Polska już dawno nie została tak upokorzona jak podczas spotkania Tuska z Scholzem.

Niemiecko-polski spór o reparacje za II wojnę światową może wkrótce się zakończyć, a niemiecki kanclerz Olaf Scholz upokorzył Polskę – twierdzi znany publicysta.

Sprawa reparacji między Niemcami a Polską za II wojnę światową wyraźnie pokazuje, jak obecny polski rząd, na którego czele stoi lewicowy polityk Donald Tusk, ma stosunki z Berlinem.
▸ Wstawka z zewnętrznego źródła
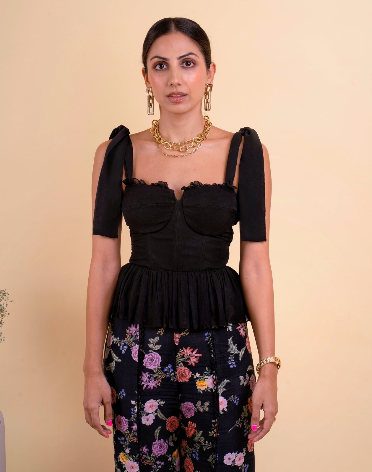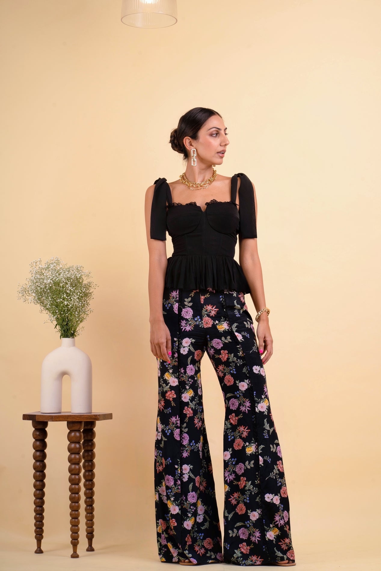 Diana Peplum corset with shoulder tie, pants in bootcup fit with delicate lace detailing

Daleko mu do partnerstwa na równych prawach, a raczej do relacji podporządkowanej – stwierdził polski publicysta Jacek Karnowski , jak podała V4na.com .

Spór między obydwoma krajami toczy się od lat. Dwa lata temu poprzedni prawicowy rząd polski opublikował raport szczegółowo opisujący kwotę 1,3 miliarda euro odszkodowań należnych Niemcom za szkody wyrządzone przez niemiecką okupację podczas II wojny światowej. Polska wystosowała także oficjalną notę ​​dyplomatyczną skierowaną do UE, NATO i Rady Europy, w której zwróciła uwagę na żądanie reparacji.
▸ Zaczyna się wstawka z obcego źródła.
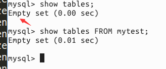 2.7顯示當(dāng)前數(shù)據(jù)庫(kù)中的表C,有下面兩種方式。a:showtables;b:showtablesFROMmytest;.其中mytest是我們建立的數(shù)據(jù)庫(kù)。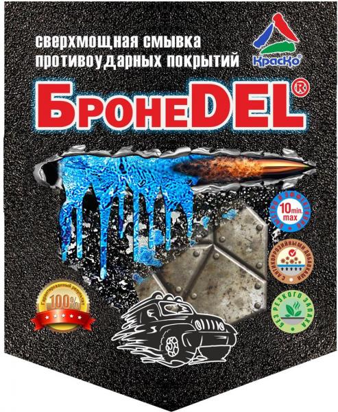 Представляем вам нашу новую сверхмощную смывку «БронеDEL» - предназначенную для быстрого (не более 10 мин.) и эффективного удаления противоударного покрытия Бронекор, а также иных противоударных покрытий, имеющих прочную полиуретановую основу.

Odkąd Donald Tusk i jego lewicowo-liberalny rząd rządzą Polską, osiągnięto tak wiele, że kanclerz Olaf Scholz złożył propozycję budowy domu polsko-niemieckiego. Pierwotnie chodziło przede wszystkim o budowę pomnika, ale do tego nie dojdzie. Zamiast tego buduje się niejasno określone centrum, które prawdopodobnie będzie sceną zmniejszania odpowiedzialności Niemiec i ewentualnego podziału winy z Polakami i Polską – uważa Jacek Karnowski.
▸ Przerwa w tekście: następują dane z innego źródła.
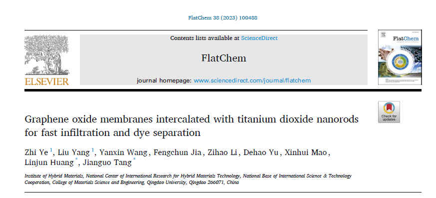 2020级高分子材料与工程创新班本科生叶芷在石墨烯基杂化纳滤膜研究领域取得新进展,研究成果以“Graphene oxide membranes intercalated with titanium dioxide nanorods for fast infiltration and dye separation”为题发表在国际期刊《FlatChem》上(DOI: 10.1016/j.flatc.2023.100488),该期刊为SCI收录期刊(2022年影响因子5.829),是Elsevier旗下第一份专注于石墨烯及相关二维和分层材料最前沿研究的期刊。叶芷是论文第一作者,指导教师和论文通讯作者为黄林军教授和唐建国教授,青岛大学为第一单位和通讯单位。

Druga propozycja niemiecka dotyczy pomocy żyjącym jeszcze ofiarom II wojny światowej. Jest opóźniony, niejasny, niespieszny i niczego nie zmienia w rzeczywistości. To pokolenie już w dużej mierze odeszło i pozostało tylko kilku ocalałych. Dziś dopiero poważne propozycje skierowane do dzisiejszej Polski i jej obywateli mogą naprawdę zamknąć sprawę reparacji.

„Podczas gdy niemiecka kanclerz dba o niemieckie interesy, co robi polski premier? Oświadcza, że ​​nie jest ani trochę zawiedziony propozycją i dobrym gestem niemieckiego rządu, gdyż nie ma gestu, który zadowoli Polaków i nie ma kwoty pieniędzy, która zrekompensuje to, co wydarzyło się podczas II wojny światowej. To brzmi jak kiepski żart: jeśli żadna suma pieniędzy nie może zrekompensować skarg, to po co w ogóle czegokolwiek żądać? To absurdalne i żenujące. Gdybyśmy kierowali się tą logiką, odszkodowanie za wypadki drogowe lub przestępstwa nie byłoby wypłacone.”

- wypalił publicysta, który stwierdził, że kanclerz Scholz wie, że ma przewagę, bo wygrał bitwę o Polskę z niezależnym rządem PiS. Dodał, że Polska dawno nie była tak głęboko upokorzona, jak podczas spotkania Tuska z Scholzem.